Здание должно было составить конкуренцию крупнейшим океанариумам мира, и в день его открытия – 5 августа 2015 г. – здесь было выставлено такое оцепление, что реши сам Господь Бог посмотреть на рыбу-наполеона, он не смог бы подойти к кассам даже на пушечный выстрел. Зато Владимир Путин, бессменный российский лидер последних 22 лет, и мэр Москвы Сергей Собянин (их до недавних пор ещё меняли), были приняты без всяких билетов как почетные гости. Они объявили «Москвариум» открытым. Российские СМИ тогда писали, что Владимиру Владимировичу в глаза дерзко посмотрел скат. Где была рыба- наполеон, не известно.

Одиссея

Филипп Буткин выныривает из главного входа, где охранники с удовольствием разворачивают опоздавших на представление. Мы идем вдоль идиллических цветников. Жарко.

– Я, честно говоря, как-то после операции научился абсолютно абстрагироваться. Смотрю на происходящее как на кино. Мне, может быть, немножко проще, потому что я уже задолго до всех этих действий (до атаки на Украину – прим. ред.) себя приучал к мысли: это не твоя страна. Я очень много с «Москвариумом» пытался что-то поменять, что-то усовершенствовать. Потом я понял, что эта шкатулка — полная копия России. В маленьком формате, но один в один в нём вся схема. Были силы, которые всячески меня пытались уволить. Формально – без причин. Но давили на меня по полной, чтобы ушёл сам. Сначала меня принимали со словами «чужих не берём, своих не бросаем», потом из разряда «своих» я быстренько был переквалифицирован в чужого. «Гейропа» и всё остальное.

Темнеет. Мы закуриваем немодный табак, приземляемся на лавку в тихом месте. Мимо тащится велосипедист. Из его динамика поёт Григорий Лепс: «Самый лучший день приходил вчера!».

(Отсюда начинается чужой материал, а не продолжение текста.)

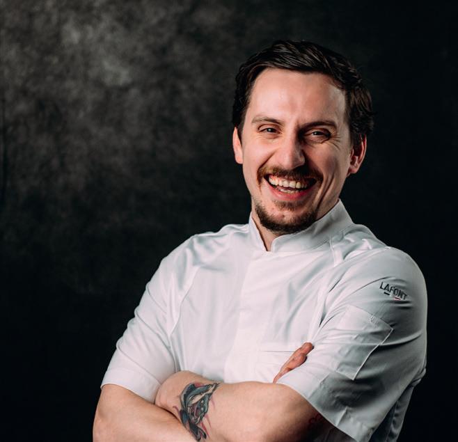 restaurant, where Head Chef Danny Young leads the kitchen. A rising star in British gastronomy and a finalist in the prestigious National Chef of the Year competition, Danny is known for his boundary-pushing approach and deep-rooted commitment to sustainability. He began his career as an apprentice at Northcote, where he rose through the ranks to become Head Chef, honing his skills in refined, seasonal cooking. His menus at 1887 and Bo & Muc brasserie showcase Scotland’s rich natural larder, with ingredients sourced from the estate’s kitchen garden and trusted Highland suppliers.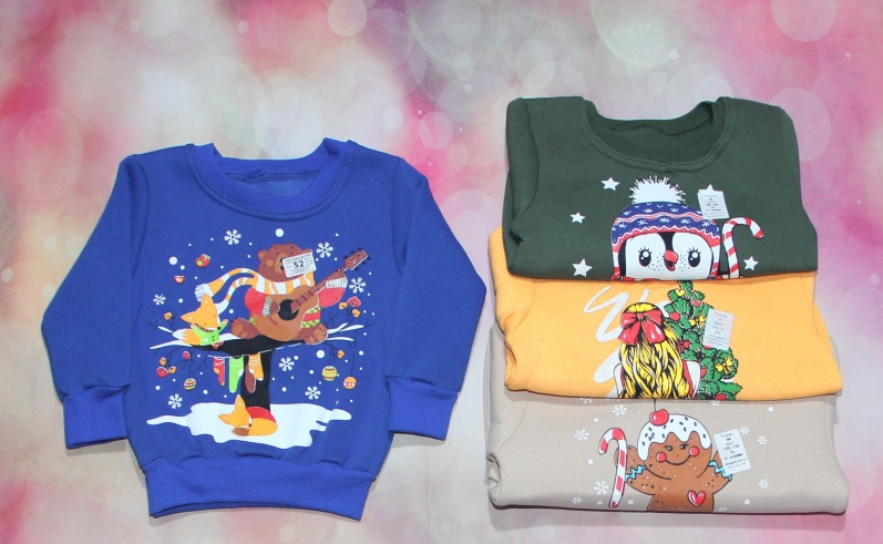Детский теплый джемпер с новогодними гравировками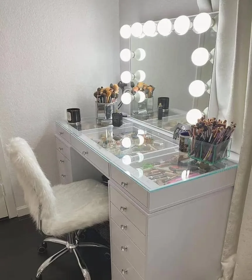 White lacquer on this Hollywood dressing table looks so sleek! MDF is sturdy enough for daily use, and it adds a chic vibe to my room. Totally worth it!
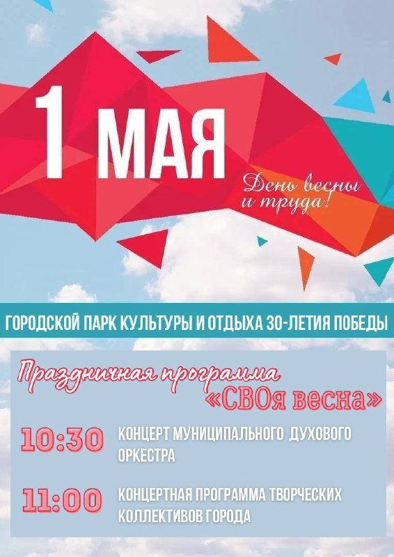 Приглашаем всех жителей и гостей города на праздничное мероприятие ко Дню Весны и Труда — «СВОя весна»! 🌳 Место: Городской парк культуры и отдыха (ул. Октябрьская, 131) 🕥 Время: • 10:30 — концерт муниципального духового оркестра под руководством Александра Свиридова • 11:00 — концертная программа творческих коллективов и солистов нашего города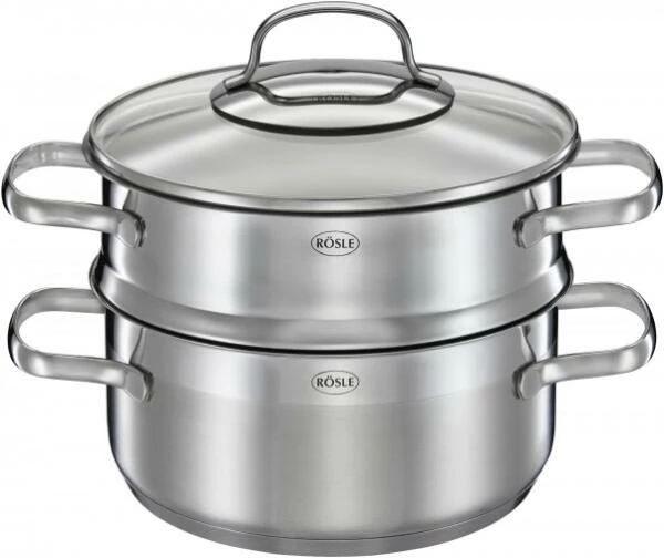 Rösle Dämpfer ELEGANCE. Mit einem Durchmesser von 20 cm. Geeignet für Keramik-, Elektro-, Gas- und Induktionsherd sowie Backofen.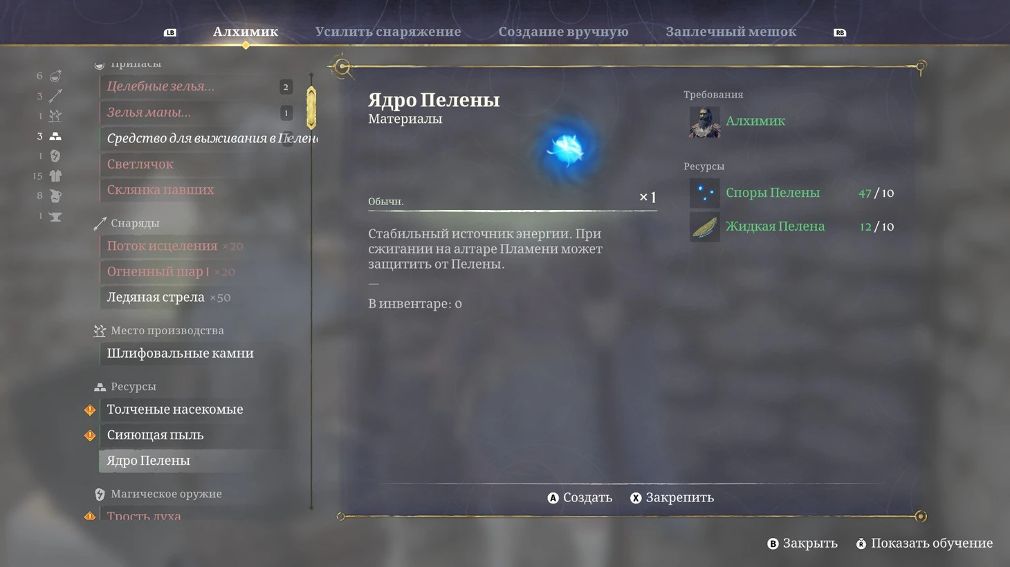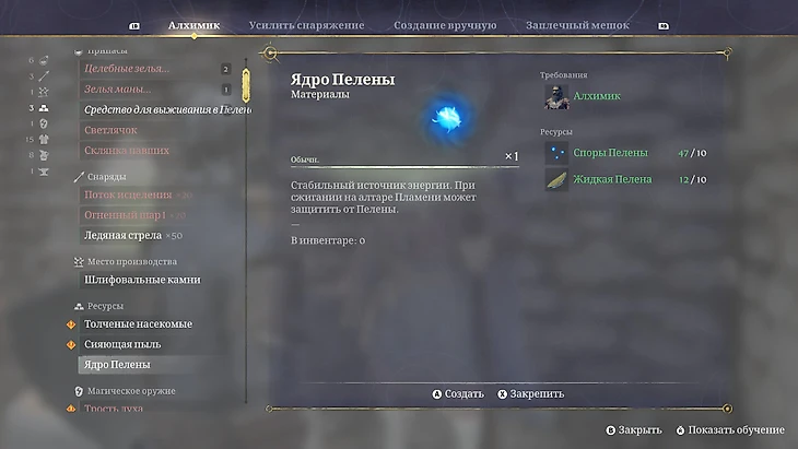 В Enshrouded полно ресурсов, которые кажутся бесполезными. Вот зачем тратить место на жидкую Пелену и споры Пелены? Поймете, когда эти вещи понадобятся для крафта особо ценного расходника.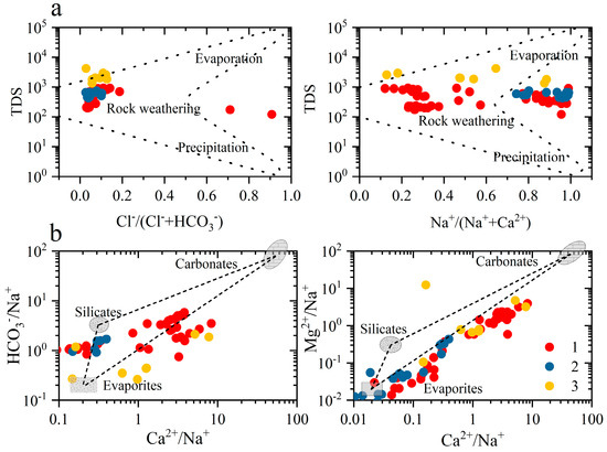 During the chemical evolution of groundwater, different ions show different contributions and different ion ratios have different meanings [26,27]. In order to explore the main types and chemical compositions of weathered rocks, three groups of water samples were analyzed by ion ratio analysis [28,29,30].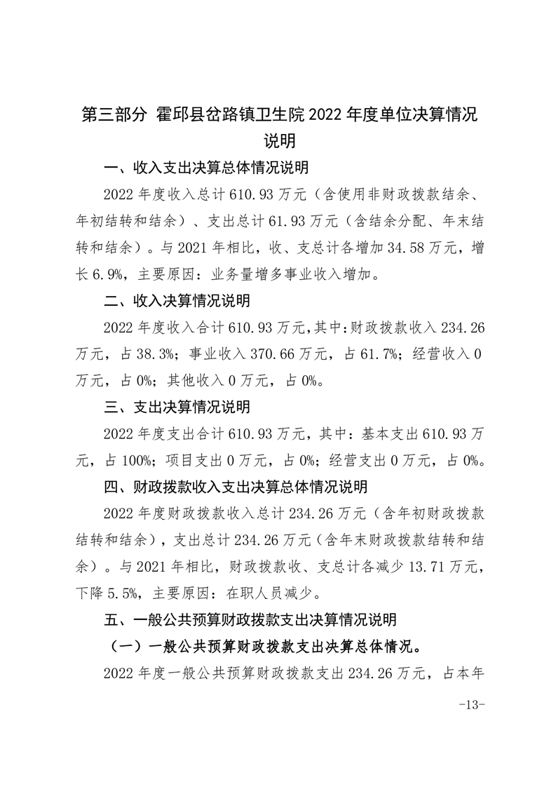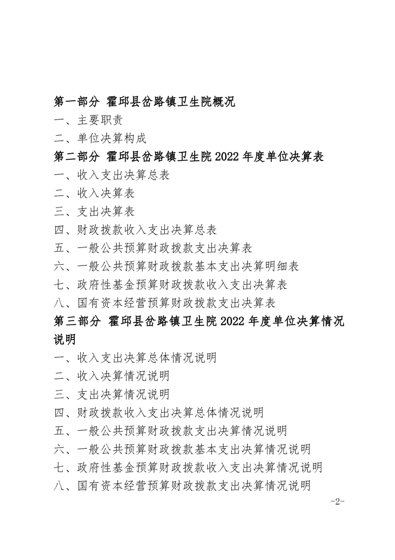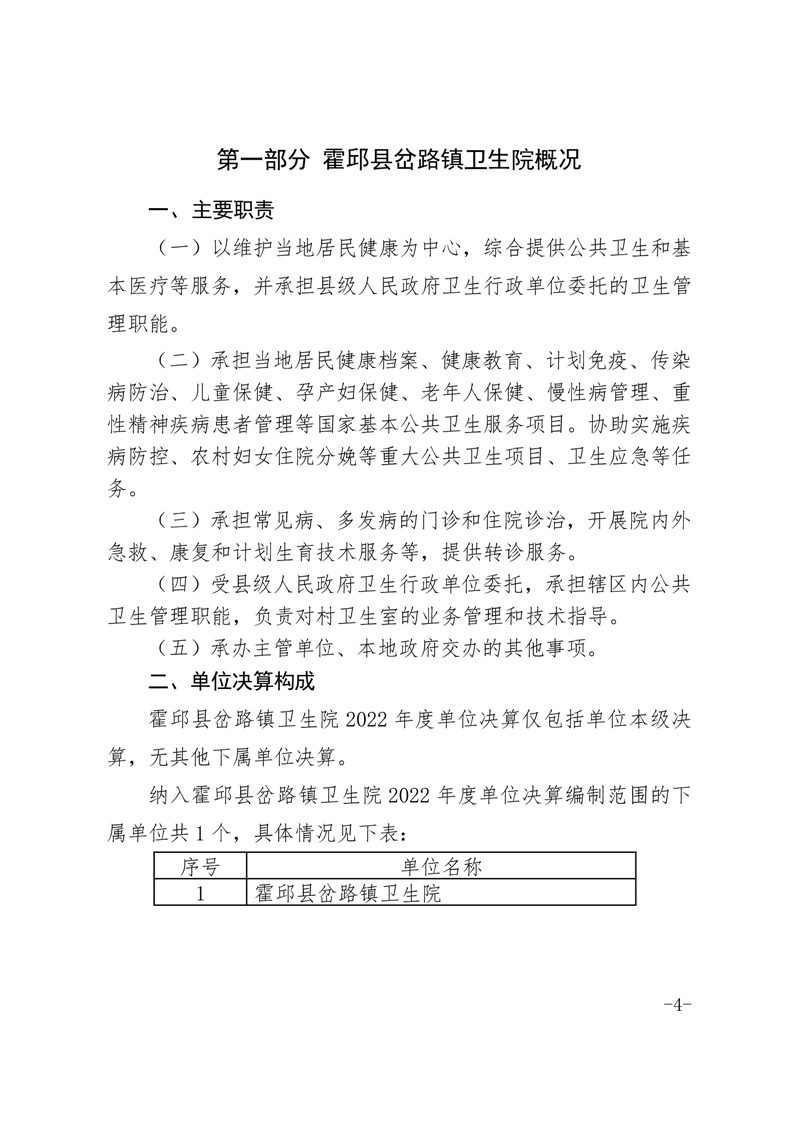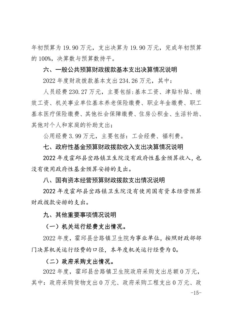 霍邱县岔路镇卫生院2022年度决算公开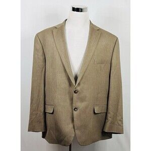 Chaps 50R Sport Coat Beige Two Button Floral Lining Vented Poly Rayon Blend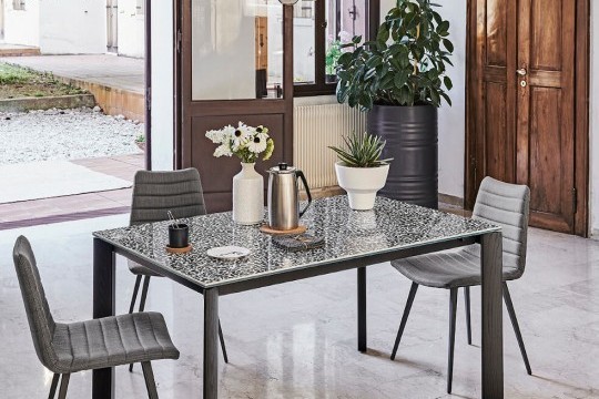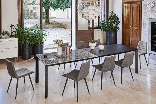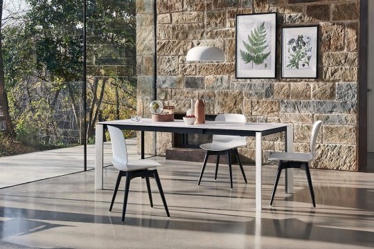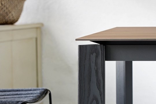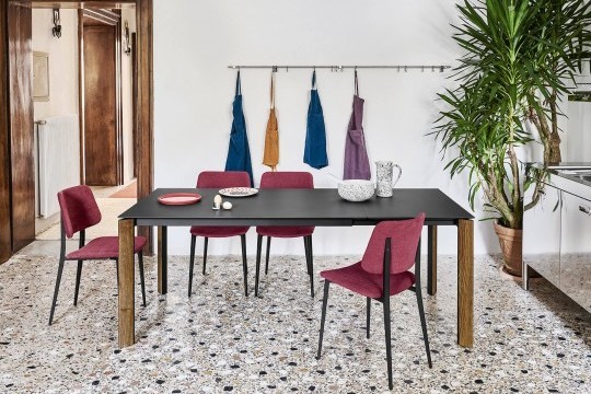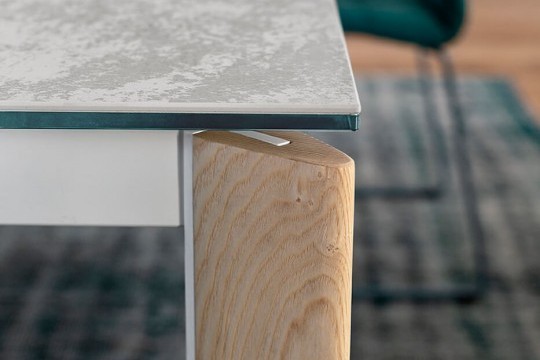 Extendable table with lacquered steel frame and legs covered in wood. Top available in melamine, lacquered wood, Fenix, crystal or crystalceramic.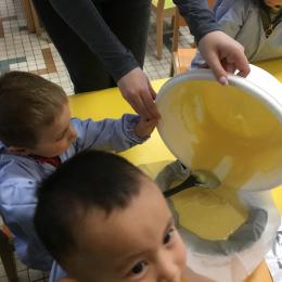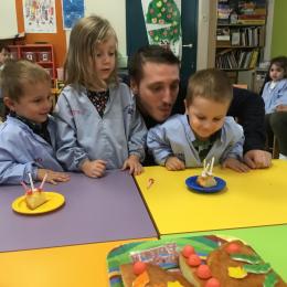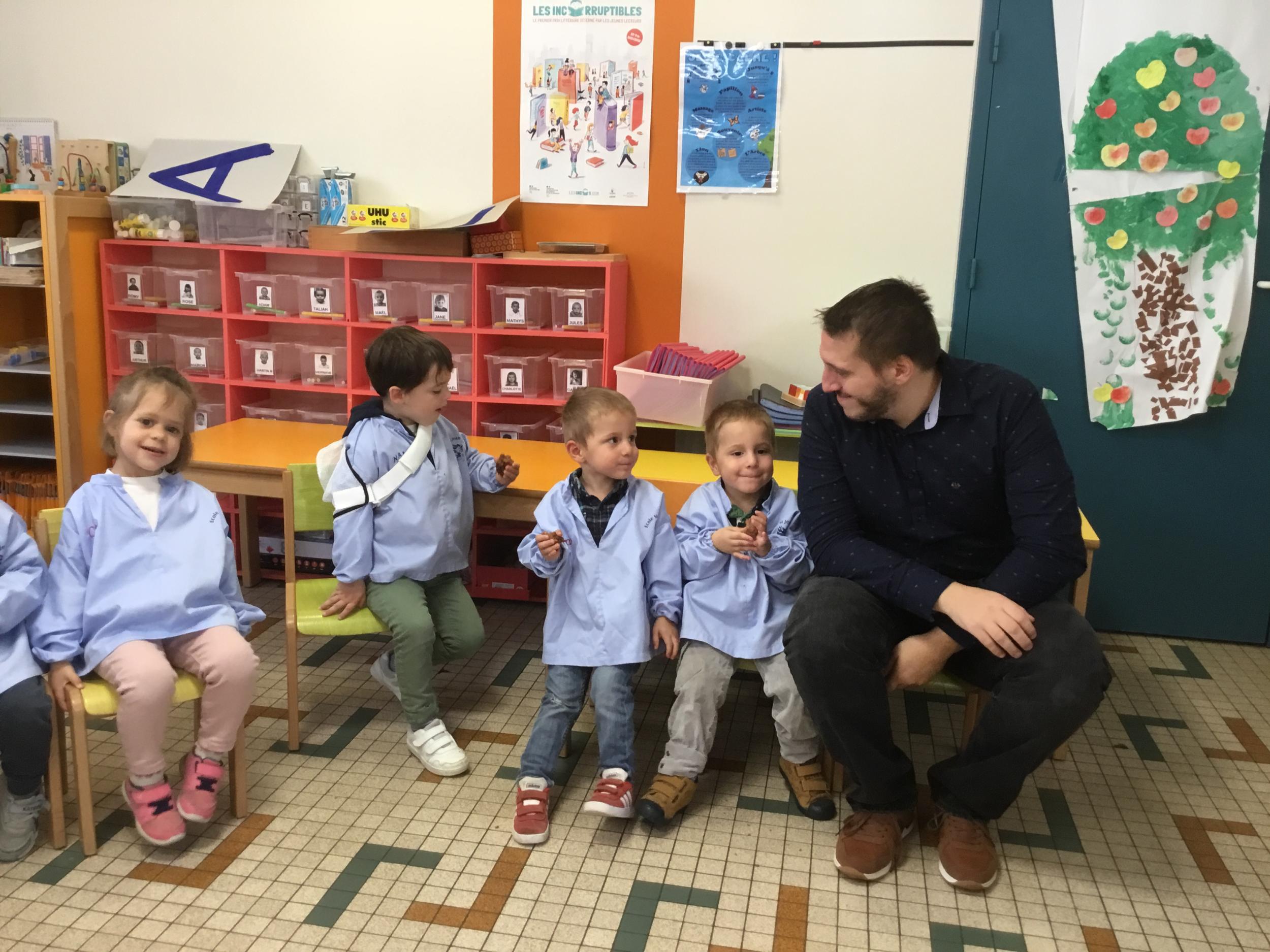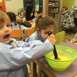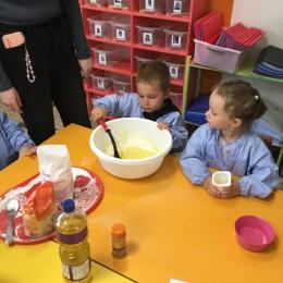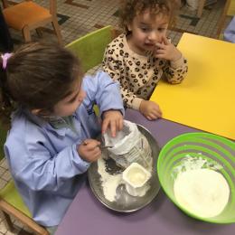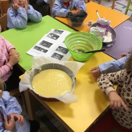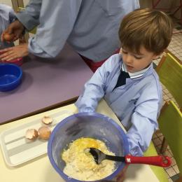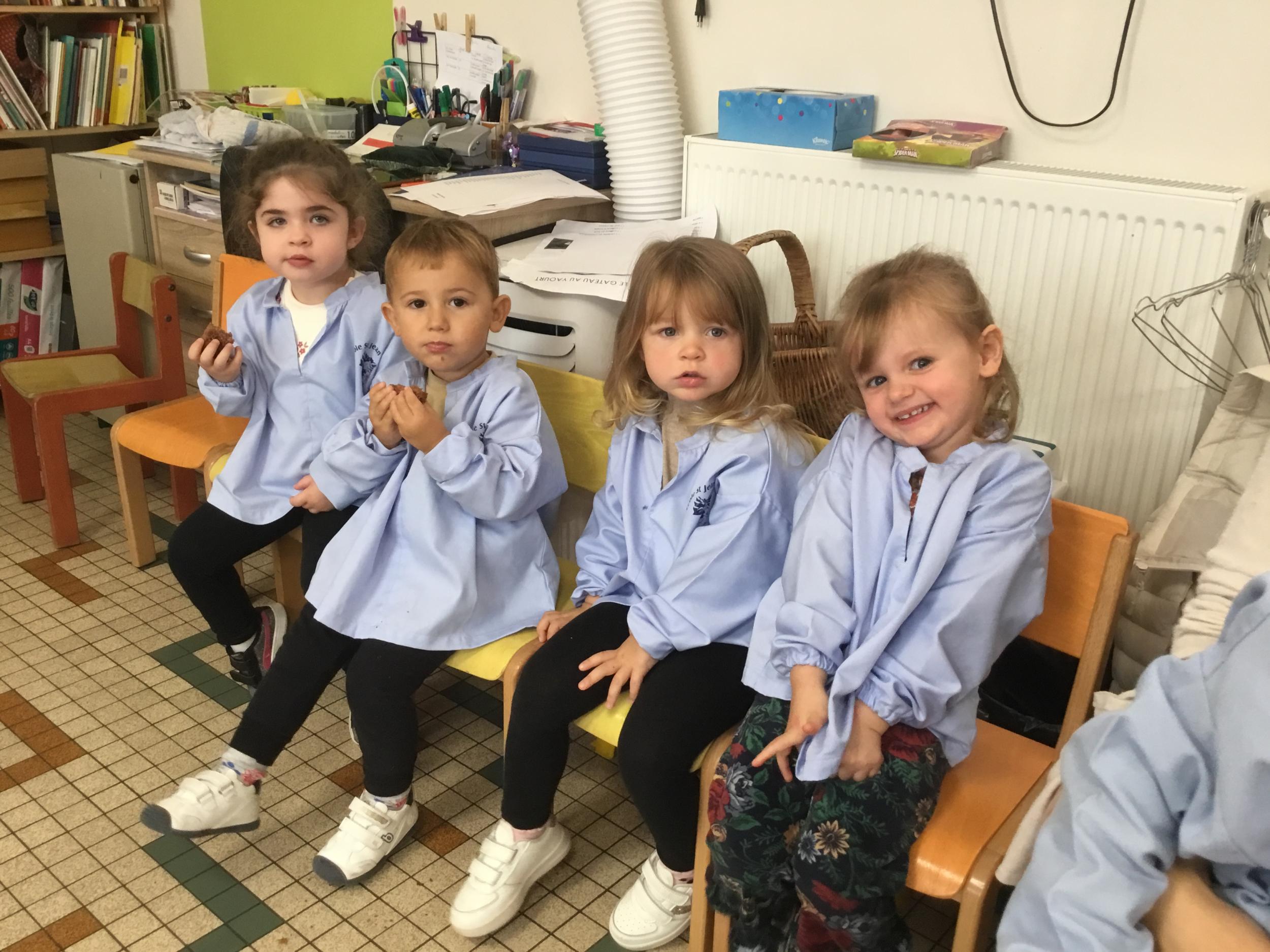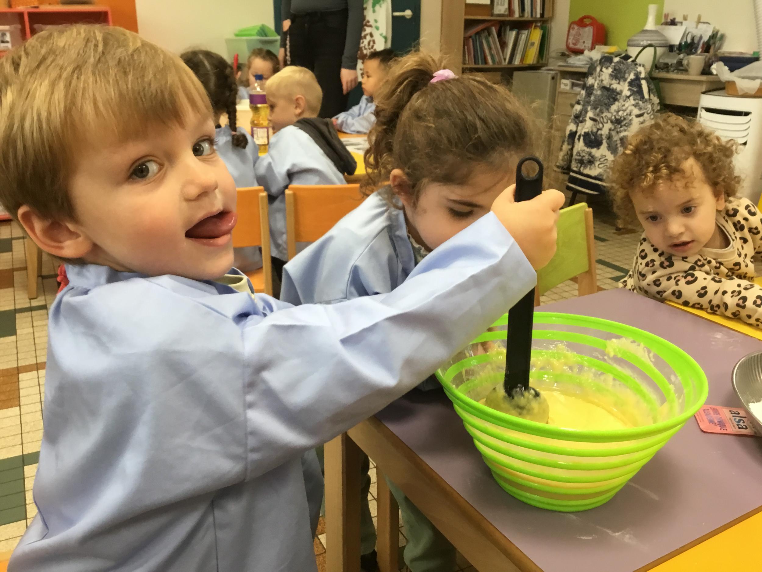 Petite et moyenne section 29/09/2024 Cette semaine nous avons préparé des gâteaux et fêté les anniversaires d’Alba, Amélie, Jane, Martin B, Martin M, Merwane et Adam. L’atelier pâtisserie Jour de fête Le bonhomme du mois de septembre

– Как я здесь оказался? Наверное, из тщеславия. Я клялся и божился, что ноги моей в России не будет. Я каждое лето проводил у бабушки в Нижнем Новгороде. Меня там почему-то всё время называли фашистом. Соседи каждый раз говорили: о, фашистик приехал из Литвы. Я с этим рос. Особенно это усугубилось, когда я лет в четырнадцать приехал в форме бойскаута. Я приволок её всю. И тогда все уже точно сказали: ну всё, мы так и знали — фашист (смеётся). Меня это не сильно печалило, наоборот, наверное, даже как- то льстило: вызываю реакцию.

Москва возникла исключительно и только потому, что это была реальная возможность поработать с косатками. Они много где есть, но я понимал, что сюда могу попасть в кратчайшие сроки. Это высшая точка в тренерстве для тех, кто работает с морскими млекопитающими. Это всё, это верх карьеры. После этого можно уходить. Поработав с косатками, я на тот момент поработал бы практически со всеми морскими животными – от самых пингвинов. Да, мне хотелось.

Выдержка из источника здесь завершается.